Devido a sua deficiência, as Farc ofereceram uma indenização de 20 milhões (6.600 dólares), mas ele não aceitou. “Imagine, deficiente, o que faria? Depois de ter ficado tanto tempo na guerrilha, não teria nada. Haveria sido uma luta por nada”, resume.

Como muitos guerrilheiros na conferência, ‘Luis’ afirma que a esperança das Farc “é que a paz na Colômbia seja para todo o povo”.

Esse homem nascido em Vista Hermosa, em Meta, na mesma área onde deverá se concentrar o acordo de negociação, tem um sonho pendente se o acordo for aprovado pelos colombianos no referendo de 2 de outubro: quer terminar o ensino primário e avançar seus estudos “de sistemas”.

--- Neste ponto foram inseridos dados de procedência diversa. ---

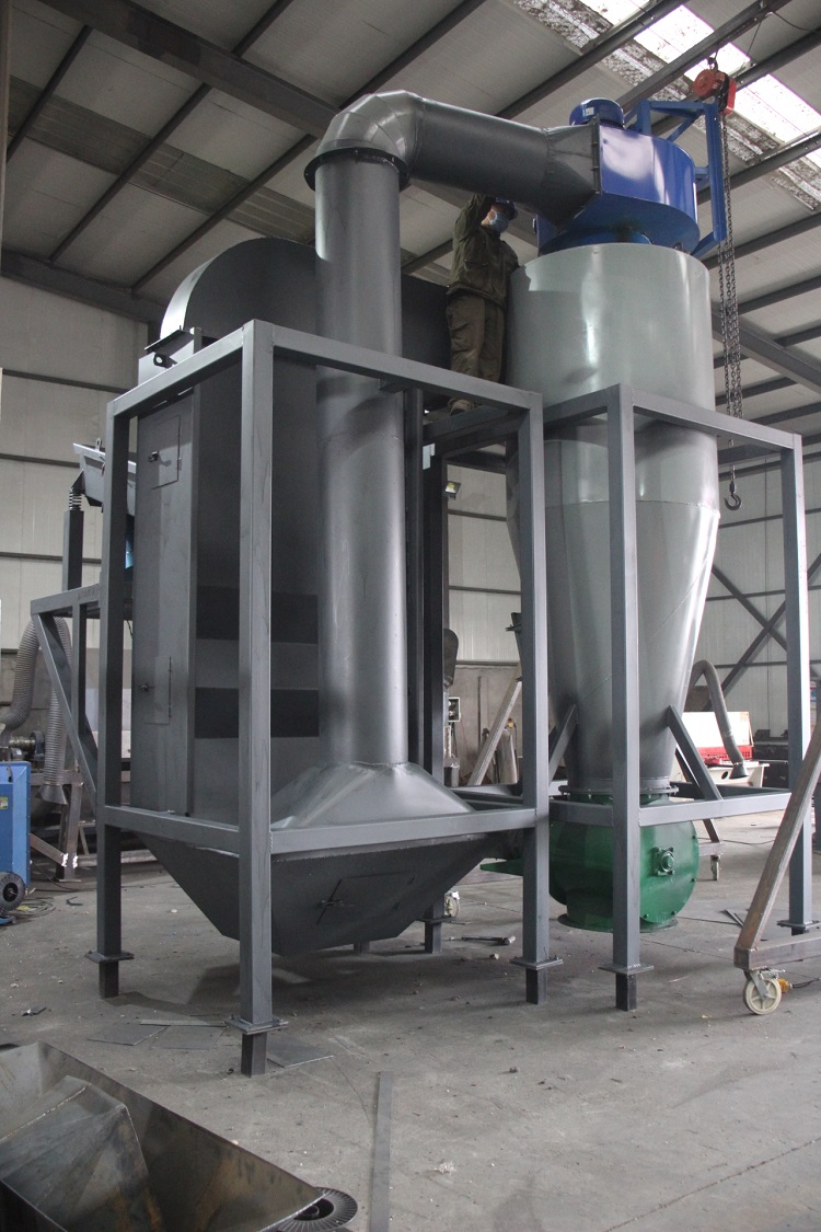 空氣分選機(jī)又叫空分機(jī),風(fēng)力分選機(jī)。當(dāng)物料進(jìn)入設(shè)備后,利用空氣動(dòng)力學(xué)原理,能夠把物料進(jìn)行打散,將輕重物料分離,輕飄料會(huì)由旋風(fēng)除塵器送至卸料斗,重物料直接由重料出口送至下個(gè)分選設(shè)備。此設(shè)備就是用來分離輕重物料的。

“Se o governo realmente der alguma garantia, algum apoio aos deficientes, eu irei cantar. Minha carreira teria sido ser cantor”.

“E ainda me inspiro. Gosto de cantar de tudo: popular, country, romântica, llanera e vallenato (ritmos locais)”, acrescenta enquanto entoa, com orgulho, uma música de sua terra – o joropo.

Mas antes deverá ver seu irmão “Gabriel”, de 34 anos e também guerrilheiro, com quem se reencontrou no sábado em meio ao espetáculo musical que a cada noite ocorre na conferência.

“Há 16 anos que não falava com ele, mas está bem”, comenta “Luis”, que entrou para as Farc por “loucuras da juventude”, mas adquiriu “consciência revolucionária” com “a experiência”.